Japan's economy shed 230,000 jobs in January, the biggest decline in four months, and more people will join unemployment lines as Hitachi Ltd and Misawa Homes Ltd offer thousands of workers incentives to quit.
Companies are trimming costs as falling prices wreck earnings. Consumer prices fell a record 1.4 percent in January from a year ago, as Japan's 2 1/2-year bout with deflation worsened.
Job losses may accelerate this month as companies try to complete severance plans before the March 31 end of the fiscal year so they can put billions of yen in charges behind them. The jobless rate will resume rising after unexpectedly falling to 5.3 percent in January, analysts said.

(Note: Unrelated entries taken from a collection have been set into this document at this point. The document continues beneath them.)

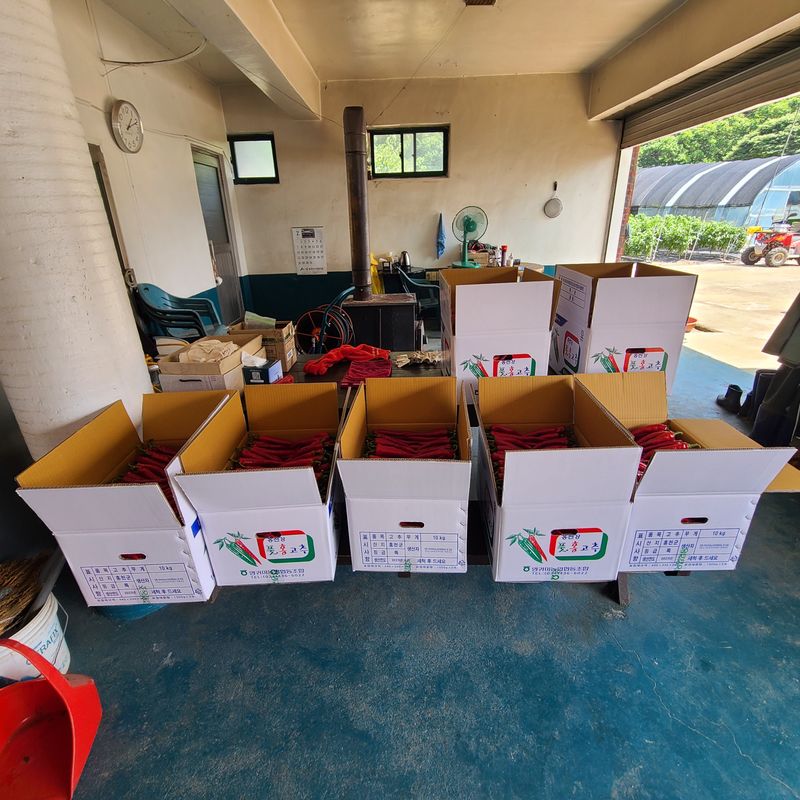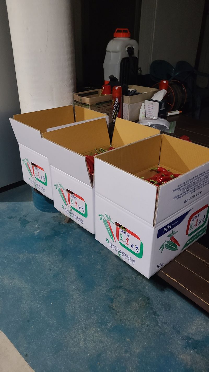 노지 고추 수확 ㅡ140kg 특 11 ,상4박스 선별 박스작업 고추세척 건조기 투입ㅡ30kg 반건조된 고추 비닐하우스 널기 노지고추 판매 11박스(특10,상1),ㅡ360,000원 청양고추 수확 및 박스 작업 ㅡ2박스(20kg)
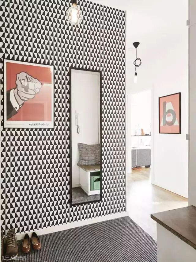 细线条长方镜+细方框挂画+几何纹壁纸,营造层次感。▼
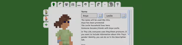 - Integrate your own story into your content by writing descriptions for your Tinies and lots

"The outlook is really dim," said Susumu Okano, the chief economist at Daiwa Research Institute of Research Ltd, who expects the jobless rate to rise a full percentage point in the next year.

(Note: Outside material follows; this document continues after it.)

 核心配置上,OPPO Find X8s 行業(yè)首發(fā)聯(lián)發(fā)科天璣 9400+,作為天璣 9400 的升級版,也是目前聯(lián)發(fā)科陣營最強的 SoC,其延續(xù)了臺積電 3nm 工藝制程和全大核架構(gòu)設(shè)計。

"Falling incomes and prices are hurting companies, leading to cuts in production, business spending and jobs." The jobless rate fell for the first time in 11 months, from a revised 5.5 percent in December, as people gave up looking for work as jobs become scarcer. Economists had expected the jobless rate to rise to 5.7 percent from December's initial estimate of 5.6 percent.
December's unemployment rate is the highest on record. Government officials downplayed the drop in the jobless rate.

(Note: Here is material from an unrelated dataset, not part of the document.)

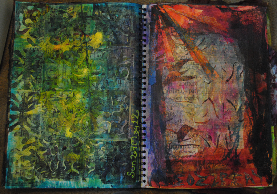 When I was doing the paper dying thing I was using future pages of sketchbook to catch the drips.

"The trend is still not good," Finance Minister Masajuro Shiokawa said. Economy Minister Heizo Takenaka said the job situation remains "tough." The yen fell against the dollar on optimism the US is pulling out of recession while Japan remains locked in its third in a decade.
The yen was recently at 133.61 to the dollar, down from 133.36 late yesterday.
The main Nikkei 225 stock average rose 2.1 percent, rounding out a three-day, 6 percent rally and its biggest weekly gain in five months.
The lack of jobs is fueling disenchantment among the unemployed.
The participation rate, which measures the proportion of the workforce with a job or looking for one, fell to 60.6 percent from 61.4 percent in December.
The number of people not looking for work rose by 1.2 million from a year earlier to 43 million, a record.
"More people are discouraged about looking for jobs," said Taro Saito, an economist at NLI Research Institute.
Jobs are getting scarcer. A Labor Ministry report showed there were 51 jobs for every 100 applicants at state-run work centers in January, or two people chasing each job. That's down from 65 jobs for every 100 applicants a year ago.
A total of 3.55 million people are registered as unemployed, the government said. The real figure is probably twice that, said Kiyoshi Sasamori, the chairman of Japan's biggest trade union group.
"It's just so scary," said Sasamori, who leads the Japan Trade Union Confederation, or Rengo.